= Bone decalcification =

Bone decalcification is the softening of bones due to the removal of calcium ions, and can be performed as a histological technique to study bones and extract DNA. This process also occurs naturally during bone development and growth, and when uninhibited, can cause diseases such as osteomalacia.

==Histology==
Since calcium-rich bones are exceedingly difficult to study, scientists use bone decalcification to make specimens available for their research. For example, bone decalcification has been used to examine cartilage and magnesium levels in order to understand bone decay.

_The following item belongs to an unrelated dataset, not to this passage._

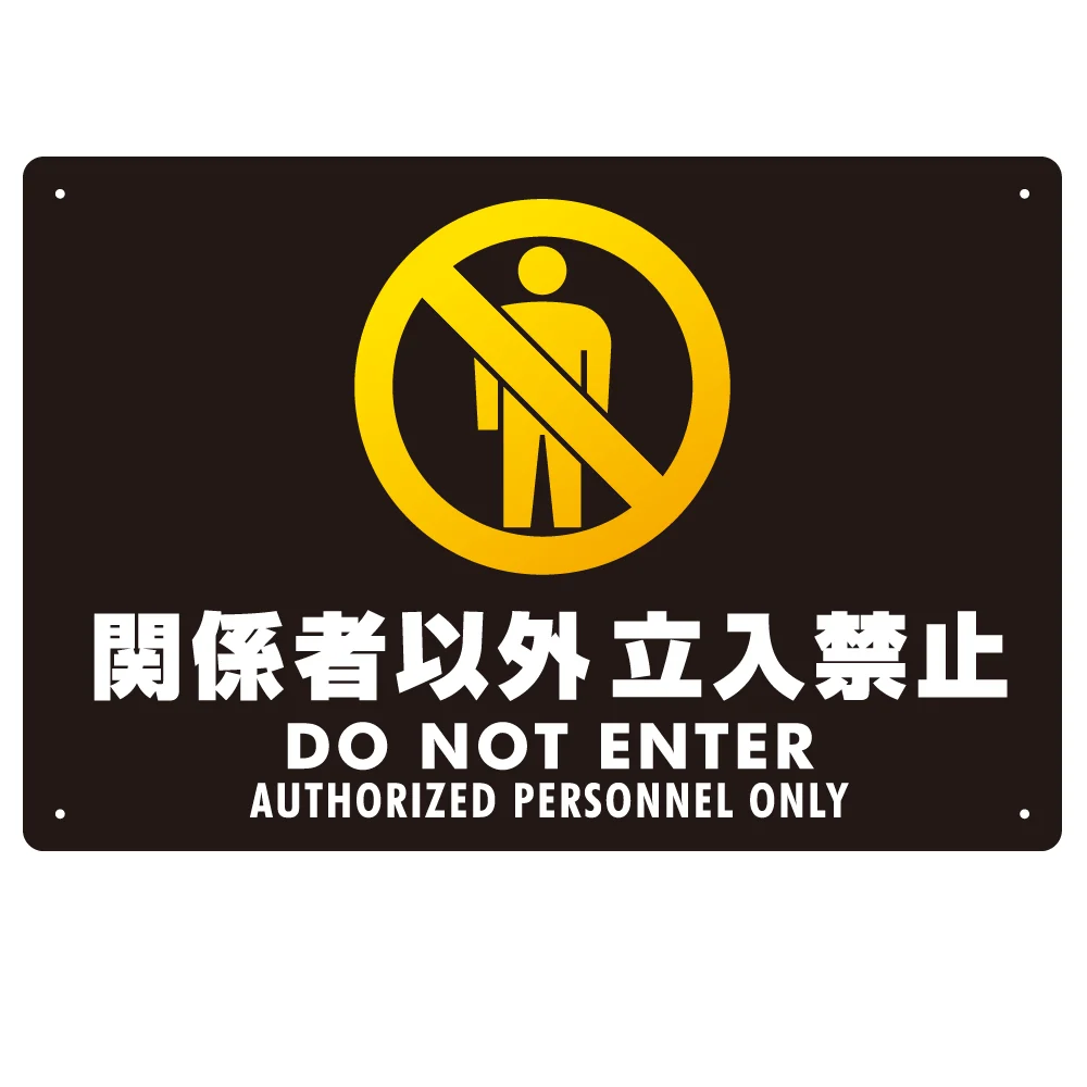 - 関係者以外立入禁止 ヨコ型 ブラック/イエロー オリジナル プレート看板
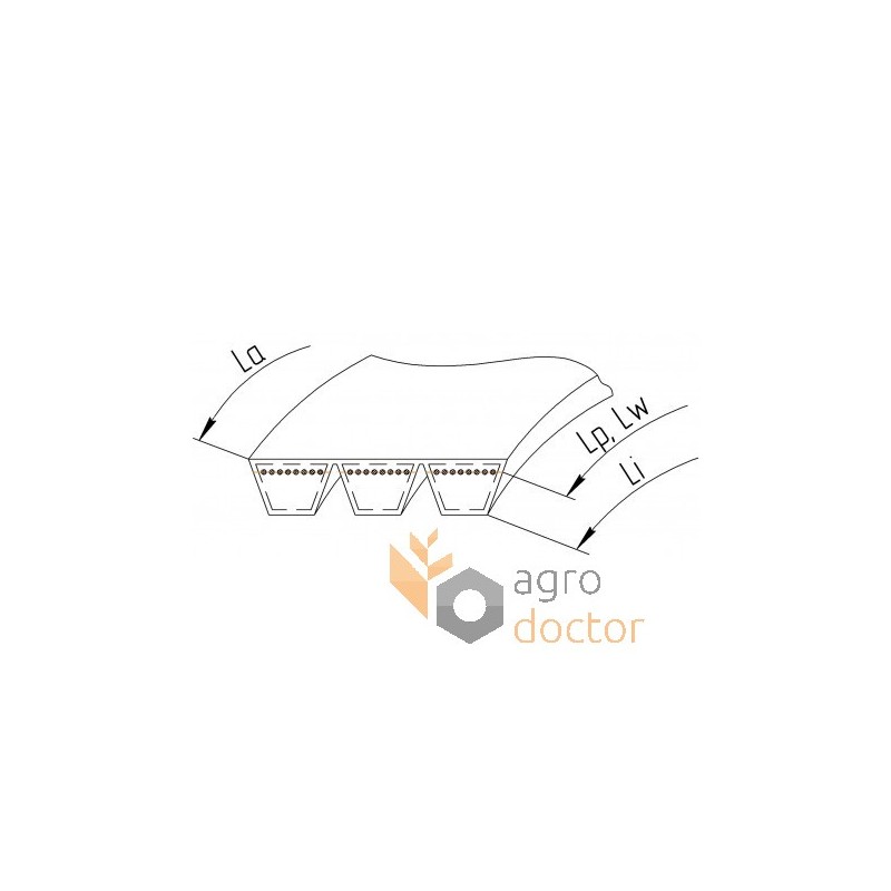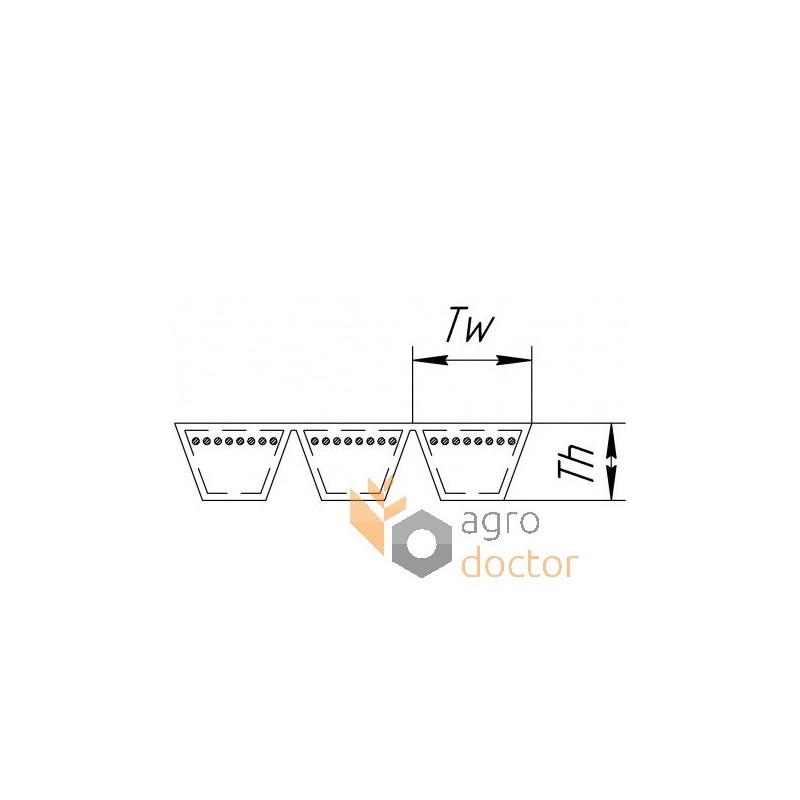 3 ремня(ей) классического профиля HB объединенных при помощи тонкой резино-тканевой пластины в единый многоручьевой ремень посредством общей вулканизации.

There are two categories of decalcifying agents for removing calcium ions: chelating agents and acids. The acids are further divided into weak (picric, acetic and formic acid) and strong acids (nitric and hydrochloric acid). The acids help produce a solution of calcium ions while the chelating agents take up the calcium ions. The most frequently used chelating agent is ethylenediaminetetraacetic acid (EDTA).

Decalcification is a lengthy procedure, as bone pieces have to be left in the decalcifying agent for days to weeks, depending on the size of the bone. There are numerous methods to test when bone decalcification is complete, such as X-ray examination, chemical analysis, and measurement of specimen flexibility.

==Necessity==
Decalcification is necessary to obtain soft sections of the bone using a microtome. Every thin section of the bone that is cut can be processed (see tissue processing) like any other soft tissue of the body.